The simplest way of thinking of a U-SQL expression is that it is a merely C# expression with some U-SQL extensions such as the ANDORNOT operators.

Casting types

Expressions can also be converted to a different type

@output= 
    SELECT 
        Start, 
        Region, 
        ((double) Duration) AS DurationDouble
    FROM @searchlog;

Calling methods .NET Types

RowSet columns are strongly typed. U-SQL allows you to call methods defined on those types in the SELECT clause. Because U-SQL supports .NET types such as string and DateTime, you can use all the methods available on those types.

// Find what day of year each session took place

@output= 
    SELECT 
        Start, 
        Region, 
        Start.DayOfYear AS StartDayOfYear
    FROM @searchlog;

Order of Evaluation in Expressions

There’s a common pattern C# developers are used to, as shown below:

if ( (QueryString!=null) && (QueryString.StartsWith("bing") )
{
    // do something
}

This pattern depends on a C# behavior (common to many languages) called “short-circuiting.” Simply put, in the above example, when the code runs there’s no logical reason to check both conditions if the first one returns false.

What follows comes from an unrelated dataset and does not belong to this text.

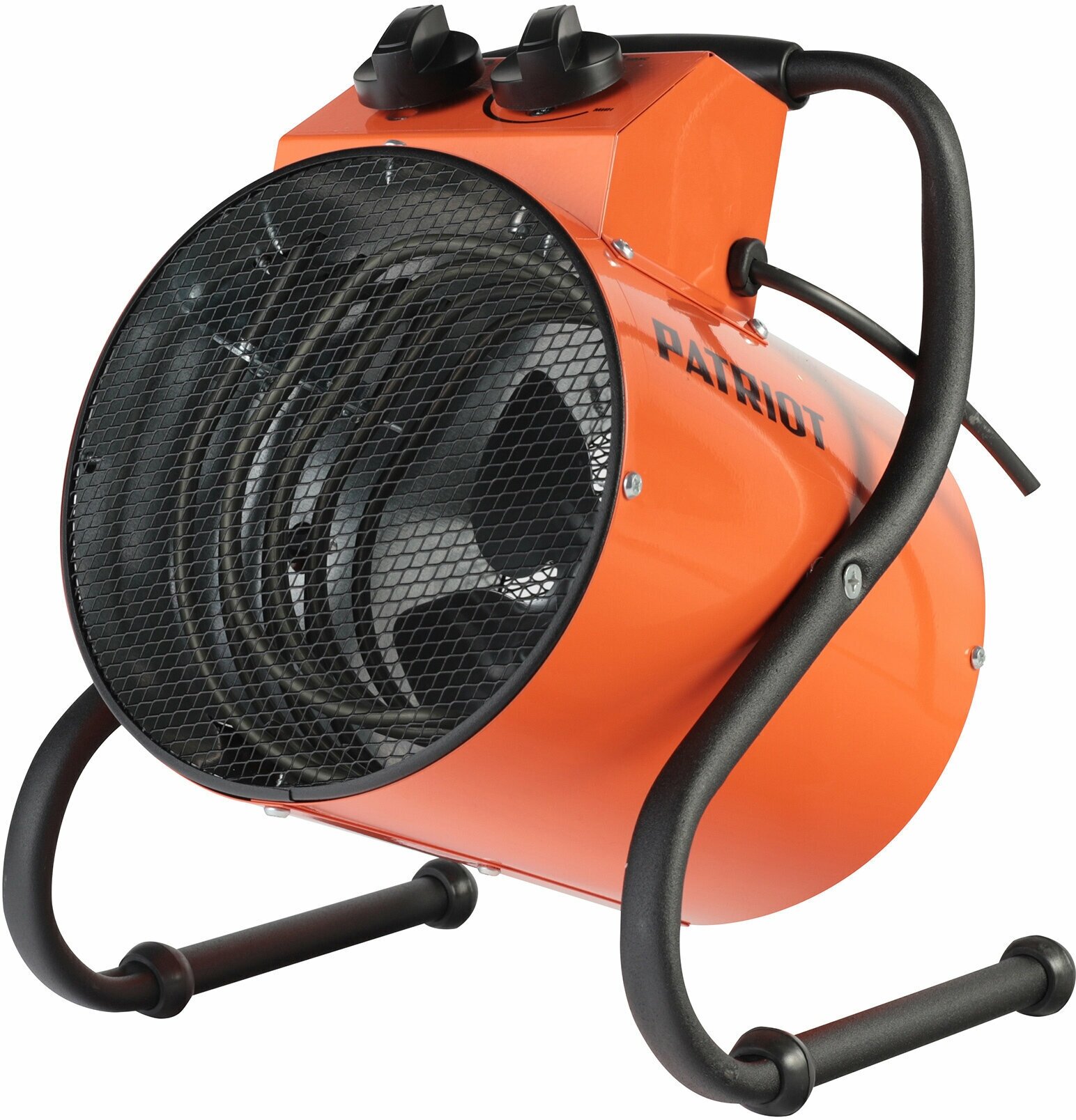 Тепловая пушка Patriot имеет прочный двойной цилиндрический корпус, который не нагревается во время эксплуатации. В комплектацию входит полутораметровый электрический кабель с евровилкой.

Short circuiting is useful because evaluating each condition may be expensive. Thus, it is a technique that compilers use to improve the performance of C# code.

When trying to do the same thing in U-SQL there are two paths you can pick. Both are valid expressions, but one will cause problems that may not be obvious at first.

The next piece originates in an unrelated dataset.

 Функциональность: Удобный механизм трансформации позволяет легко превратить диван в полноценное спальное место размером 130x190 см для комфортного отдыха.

The Right Choice: Use && to keep the desired short-circuiting behavior

@rs1 = 
    SELECT * 
    FROM @data
    WHERE ((Name!=null) && (Name.StartsWith("bing"));

The Wrong Choice: Use AND which does NOT match the short-circuiting behavior.

@rs1 = 
    SELECT * 
    FROM @data
    WHERE ((Name!=null) AND (Name.StartsWith("bing"));

The second translation that uses AND will sometimes fail saying that a NullReferenceException has occurred. (sometimes = it might work on your local box but might fail in the cluster)

The reason is simple and by-design: with AND/OR U-SQL will try to perform certain optimizations that result in better performance – for example it may evaluate the second part of the expression first because it assumes that there is no relationship between the two conditions.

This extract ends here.